§ **INFORMATION GIVEN**:
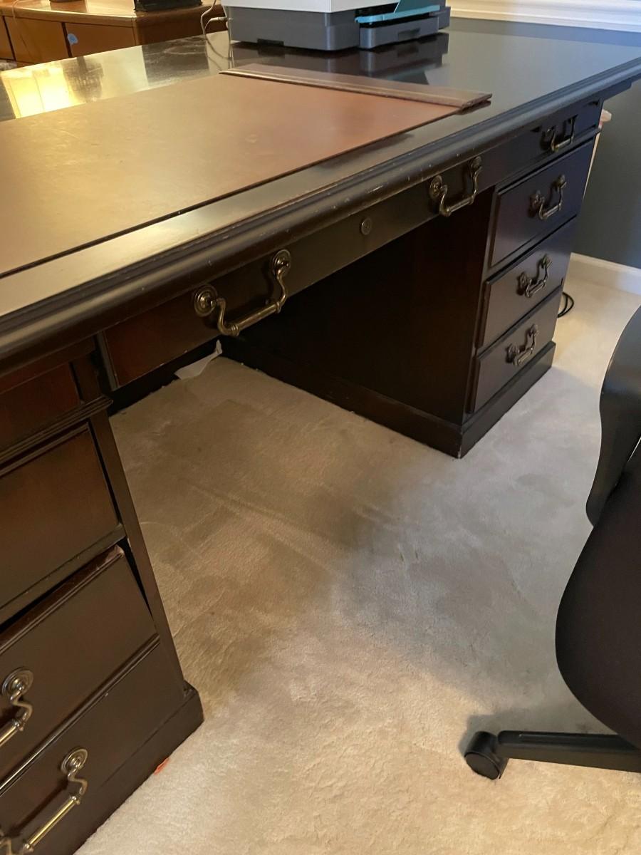 Executive Desk with Brass Pulls. 77"L x 42"W x 30"H
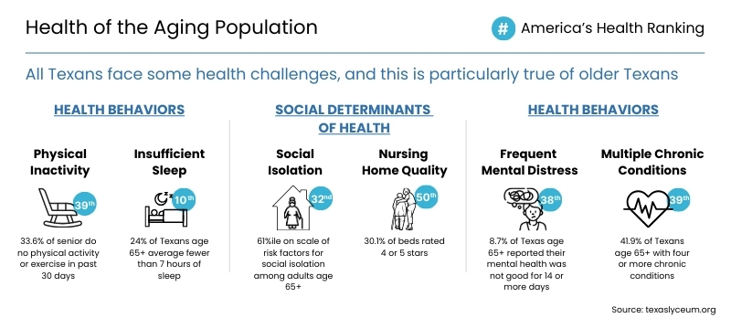 The Texas population is aging. In 2010, 10.3 percent of the population was 65 or older, but by 2050, that percentage is projected to increase to 17.6 percent.
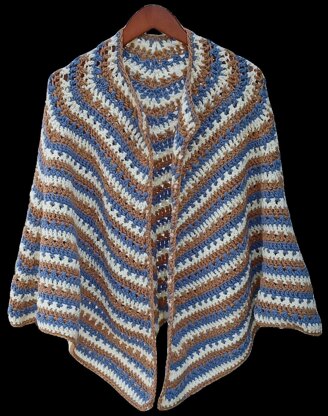 The shape ensures that the shawl stays put on the shoulders where it belongs, no pins, or buttons, or ties needed!
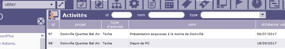 when i display planing view , if i filter "with the main filter on top left screen" on main project VEFA i obtain that :
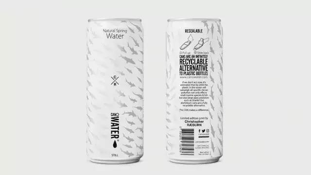 伦敦动物园协会联手罐装水公司 CanO Water 和时尚设计师 Christopher Raeburn,为伦敦动物园设计了一款特别的罐装水。它的铝制瓶上印着姿态各异的鲨鱼 logo,还写着:这个罐子是永久的,它是可替代塑料瓶的易回收材料。
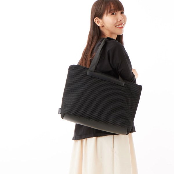 しっかり自立するのに軽量。使い勝手の良いA4OKの大容量トートバッグ。手触りの良いサラッとした素材感。
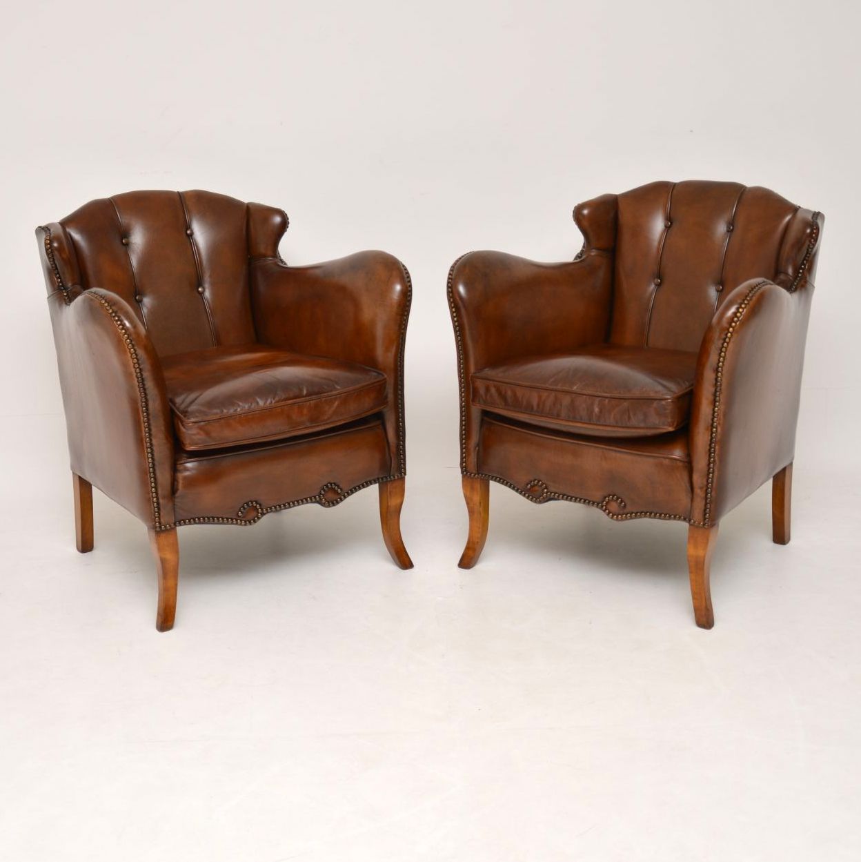 Pair of Stylish Antique Swedish Leather Armchairs (1 of 1)

§ **YOUR OBJECTIVE**: Leaving out all pictures, print exactly the lines above from the one containing "伦敦动物园协会联手罐装水公司 CanO Water" through the last line of the entries.

§ **RESPONSE TO THE TASK**:
 伦敦动物园协会联手罐装水公司 CanO Water 和时尚设计师 Christopher Raeburn,为伦敦动物园设计了一款特别的罐装水。它的铝制瓶上印着姿态各异的鲨鱼 logo,还写着:这个罐子是永久的,它是可替代塑料瓶的易回收材料。
 しっかり自立するのに軽量。使い勝手の良いA4OKの大容量トートバッグ。手触りの良いサラッとした素材感。
 Pair of Stylish Antique Swedish Leather Armchairs (1 of 1)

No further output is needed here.